Lucid Culture

JAZZ, CLASSICAL MUSIC AND THE ARTS IN NEW YORK CITY

Coolly Enigmatic, Purist Jazz Chanteuse Dorian Devins Brings Her Reinventions to Her Usual West Village Haunt

Singer Dorian Devins works the cool side of jazz. Subtlety is her thing: if you detest over-the-top things in general, you will love her style. Her uncluttered, often disarmingly direct mezzo-soprano delivery brings to mind misty torch singers like June Christy and Julie London (Devins once conceived of a multi-artist tribute night that would be called I Am Not Julie London).
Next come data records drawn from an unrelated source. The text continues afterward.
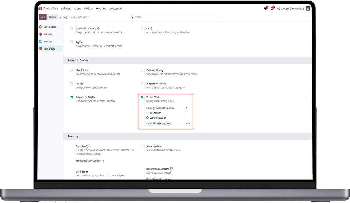 Go to Point Of Sale -> Configuration -> Settings -> Display Stock. By enabling this feature you need to choose stock type as well as Location.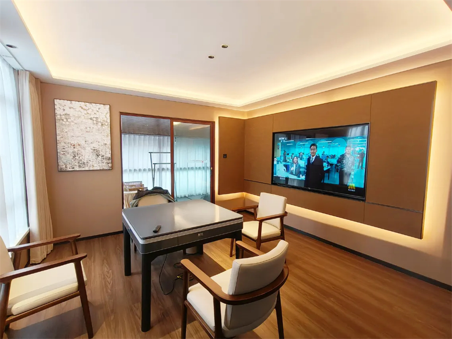 复式棋牌树屋的130㎡双层空间隐匿于竹林秘境,复式格局分层拓展休闲与休憩功能:一层休闲区设自动麻将机与原木茶桌,搭配全景落地窗,推窗可赏白鹭掠林、香樟映翠,适合亲友围坐互动;二层睡眠区科学排布 1 张 1.8 米大床 + 4 张 1.2 米单人床,均配温润亲肤寝具,同时预留独立储物区,轻松容纳 6-8 人入住。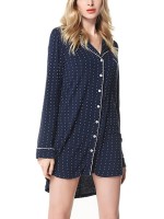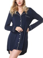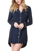 Navy Polka Dots Printed Trimmed Sleepshirt

Which speaks to Devins’ deadpan, often devastating sense of humor, something that sometimes makes it into her performances depending on how sedate the venue is. Some of her latest full-length album, sardonically titled Imaginary Release  is streaming at her music page. She’s at Cornelia Street Cafe on August 31 at 6 PM leading a quintet; cover is $10 plus a $10 minimum.

The album is a mix of standards, the classic instrumental joints that Devins loves to pen her own lyrics to, and a handful of choice originals. She and her group open with Benny Goodman’s Lullaby in Rhythm, Devins’ artful climb from guarded hope to quiet triumph contrasting with Tom Christensen’s jaunty tenor sax and Paul Gill’s dancing bowed bass over the low-key swing of pianist Lou Rainone and drummer Taro Okamoto. Her first lyrical reinvention here is Wayne Shorter’s Conundrum, an aptly enigmatic ballad with Rainone’s glittering piano and Christensen’s terse flute over Okamoto’s bossa-tinged groove.
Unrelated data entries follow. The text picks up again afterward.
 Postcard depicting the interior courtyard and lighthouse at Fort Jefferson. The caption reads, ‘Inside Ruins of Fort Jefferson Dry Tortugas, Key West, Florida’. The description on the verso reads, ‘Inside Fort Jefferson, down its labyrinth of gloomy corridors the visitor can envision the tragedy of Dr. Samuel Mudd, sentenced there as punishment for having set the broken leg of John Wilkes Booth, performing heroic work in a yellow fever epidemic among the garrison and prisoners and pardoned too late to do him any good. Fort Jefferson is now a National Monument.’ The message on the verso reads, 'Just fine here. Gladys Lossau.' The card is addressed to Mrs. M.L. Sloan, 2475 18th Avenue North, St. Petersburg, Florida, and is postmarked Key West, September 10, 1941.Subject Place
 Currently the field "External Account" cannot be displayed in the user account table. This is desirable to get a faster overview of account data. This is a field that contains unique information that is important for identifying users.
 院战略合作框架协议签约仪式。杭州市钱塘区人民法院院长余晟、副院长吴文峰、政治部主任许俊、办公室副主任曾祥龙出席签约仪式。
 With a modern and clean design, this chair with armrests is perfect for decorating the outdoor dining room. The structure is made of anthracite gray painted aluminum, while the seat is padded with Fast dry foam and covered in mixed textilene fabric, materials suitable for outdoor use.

The lustre of Richie Vitale’s flugelhorn in tandem with the flute introduce a balmy, matter-of-factly optimistic take of Leonard Bernstein’s Some Other Time, Gill’s fluttering bass solo handing off to Rainone’s gleaming neoromanticisms. Then they pick up the pace, remaking Duke Ellington’s I’m Gonna Go Fishin’ as a brisk, understatedly biting jazz watlz with soaring solos from Vitale on trumpet and Christensen on tenor to match Devins’ leaps and bounds.

The album’s best and most deviously entertaining track is Satie-ated – damn, there goes another good title! It’s a distantly bolero-esque remake of Erik Satie’s Gymnopede No. 1. “Here and there the distant glare that burns me/I hope there’ll be a time my mind returns me,” Devins broods, echoed by Christensen’s moody oboe. Resolution, a Devins/Rainone co-write, opens with a similarly modal gravitas and rises to a shuffling entreaty to come down from the clouds and have some fun, Christensen’s tenor spirals handing off to Rainone’s terse flourishes.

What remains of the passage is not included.